### YOUR GOAL
Please output, exactly and without pictures, the lines from the opening of the listing below through the line containing "クレーターが青空の下、夕日に", both included.

### SOURCE MATERIAL
┄┄┄┄┄┄

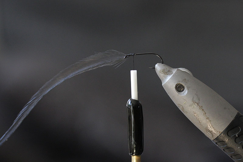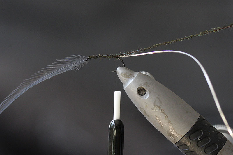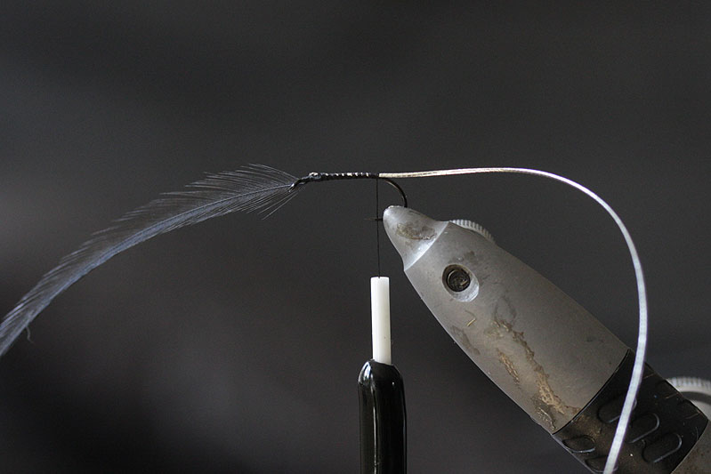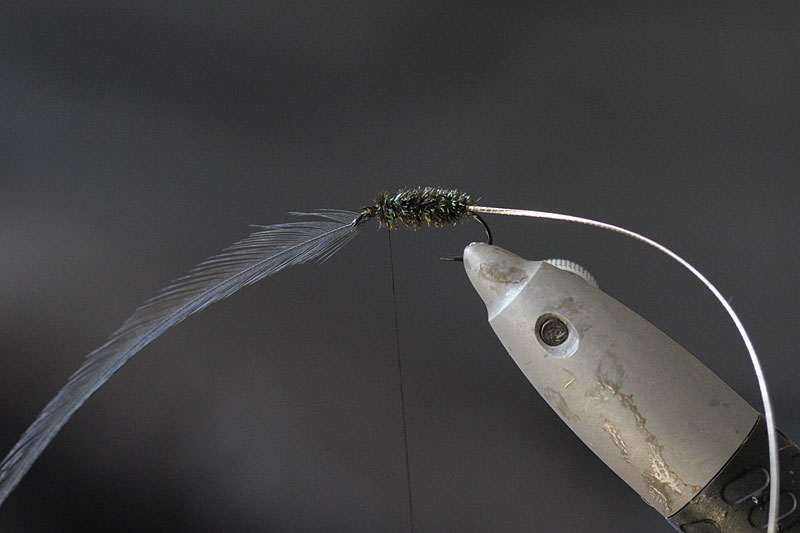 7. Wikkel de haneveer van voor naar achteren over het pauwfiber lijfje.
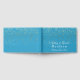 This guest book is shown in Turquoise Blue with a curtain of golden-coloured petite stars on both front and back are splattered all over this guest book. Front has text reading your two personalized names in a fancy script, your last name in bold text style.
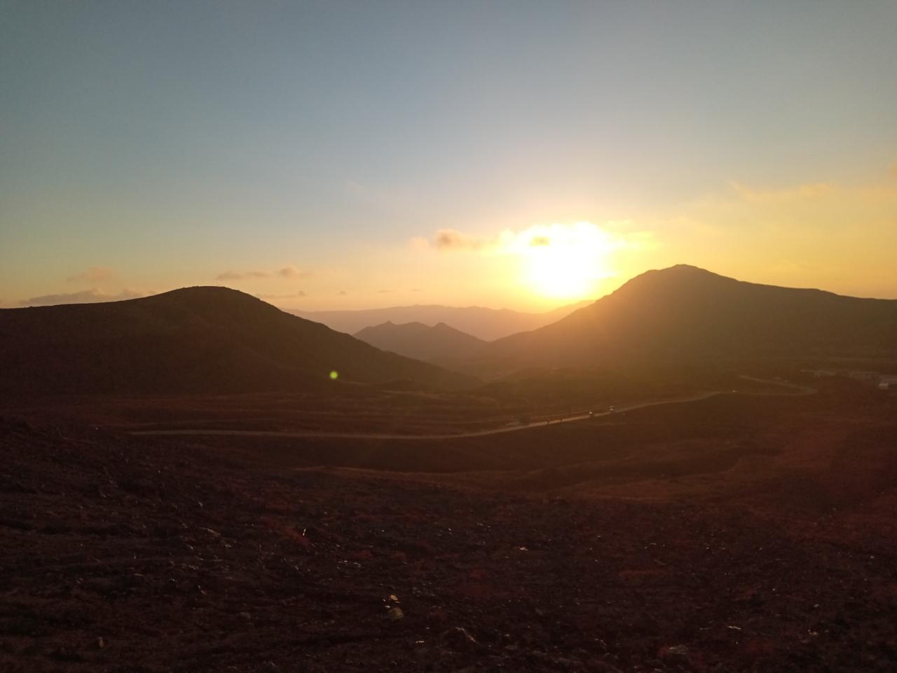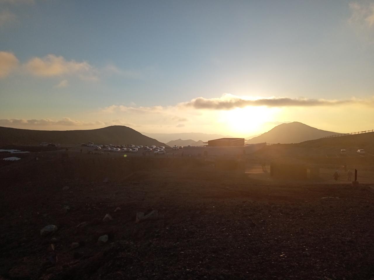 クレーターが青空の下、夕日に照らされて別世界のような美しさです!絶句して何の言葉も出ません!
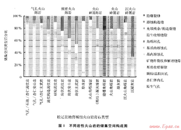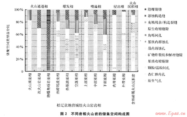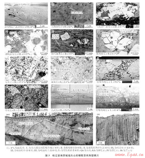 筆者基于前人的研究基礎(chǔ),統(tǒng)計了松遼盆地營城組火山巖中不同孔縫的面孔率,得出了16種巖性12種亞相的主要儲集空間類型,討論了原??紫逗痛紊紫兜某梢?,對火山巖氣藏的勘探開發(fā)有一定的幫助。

┄┄┄┄┄┄

### SOLUTION BELOW
 7. Wikkel de haneveer van voor naar achteren over het pauwfiber lijfje.
 This guest book is shown in Turquoise Blue with a curtain of golden-coloured petite stars on both front and back are splattered all over this guest book. Front has text reading your two personalized names in a fancy script, your last name in bold text style.
 クレーターが青空の下、夕日に照らされて別世界のような美しさです!絶句して何の言葉も出ません!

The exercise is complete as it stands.